The documentation for camp is avaiable on Read the Docs: https://sci-camp.rtfd.io/
pip install camp
CAMP is designed as a general-purpose tool for medical image and data processing. PyTorch provides an efficient backend for mathematical routines (linear algebra, automatic differentiation, etc.) with support for GPU acceleration and distributed computing. PyTorch also allows CAMP to be portable due to full CPU-only support.
CAMP adopts coordinate system conventions designed to be compatible with medical imaging systems, including meta-data for a consistent world coordinate frame. Image transformations and image processing can be performed relative to the coordinate system in which the images reside, which facilitates multi-scale algorithms. Core representations for data include structured and unstructured grids.
Structured grids represent data with consistent rectilinear element spacing. These grids are commonly defined by the origin and element spacing attributes. Images and vector fields are most commonly represented by a structured grid. CAMP defines many operators to perform computation on structured grid data, including Gaussian blur and composition of deformation fields. Multi-channel (including color) images are supported -- the internal convention is channels-first representation (C x D x H x W).
Unstructured grids represent data with arbitrary element shape and location. Currently, only triangular mesh objects are supported, which aim to represent surface data via edge and vertex representation. Data values may be face-centered or node-centered. The unstructured grid objects maintain a world coordinate system that preserves relationships between other unstructured and structured grid data. An example implementation of deformable surface-based registration is implemented using the unstructured grid representation, based on Glaunes et al. (2004). Watch a summary video using this implementation on YouTube.

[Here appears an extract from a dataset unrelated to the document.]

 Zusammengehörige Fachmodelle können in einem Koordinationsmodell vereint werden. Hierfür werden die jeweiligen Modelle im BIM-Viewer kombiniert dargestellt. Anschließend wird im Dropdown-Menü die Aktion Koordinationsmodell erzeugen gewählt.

Many medical imaging formats are supported through SimpleITK.
camp depends on these software packages for math routines and data I/O.
Python 3.6 (or newer) and the following python packages and versions:
If available, this code uses a compatible GPU for accelerated computation. See https://pytorch.org/get-started/locally/ for details on how to install pytorch with gpu support for your system. You will then need to install the other dependencies.

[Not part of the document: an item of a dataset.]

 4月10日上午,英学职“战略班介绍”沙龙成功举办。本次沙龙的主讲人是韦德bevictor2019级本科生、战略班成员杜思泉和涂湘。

If you know that you will not use a GPU, you can install the CPU-only version of pytorch. See https://pytorch.org/get-started/locally/#no-cuda-1 for how to install the CPU-only version. You will then need to install the other dependencies.
See also the list of contributors who participated in this project.

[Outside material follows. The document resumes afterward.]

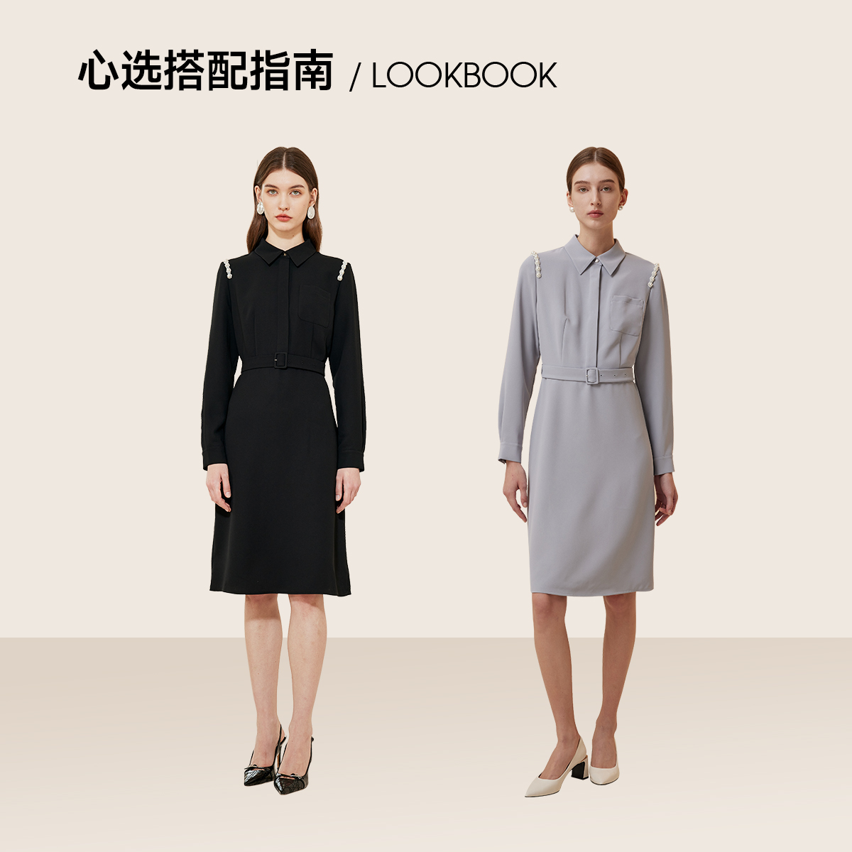 PRICH洋气法式摩登收腰珍珠装饰Polo领职业连衣裙女

This project is licensed under the MIT License - see the LICENSE.md file for details
- Zimmerman, B. E., Johnson, S. L., Odéen, H. A., Shea, J. E., Factor, R. E., Joshi, S. C., & Payne, A. H. (2021). Histology to 3D In Vivo MR Registration for Volumetric Evaluation of MRgFUS Treatment Assessment Biomarkers. Manuscript submitted for publication.
- Zimmerman, B. E., Johnson, S., Odéen, H., Shea, J., Foote, M. D., Winkler, N., Sarang Joshi, & Payne, A. (2020). Learning Multiparametric Biomarkers for Assessing MR-Guided Focused Ultrasound Treatments. IEEE Transactions on Biomedical Engineering.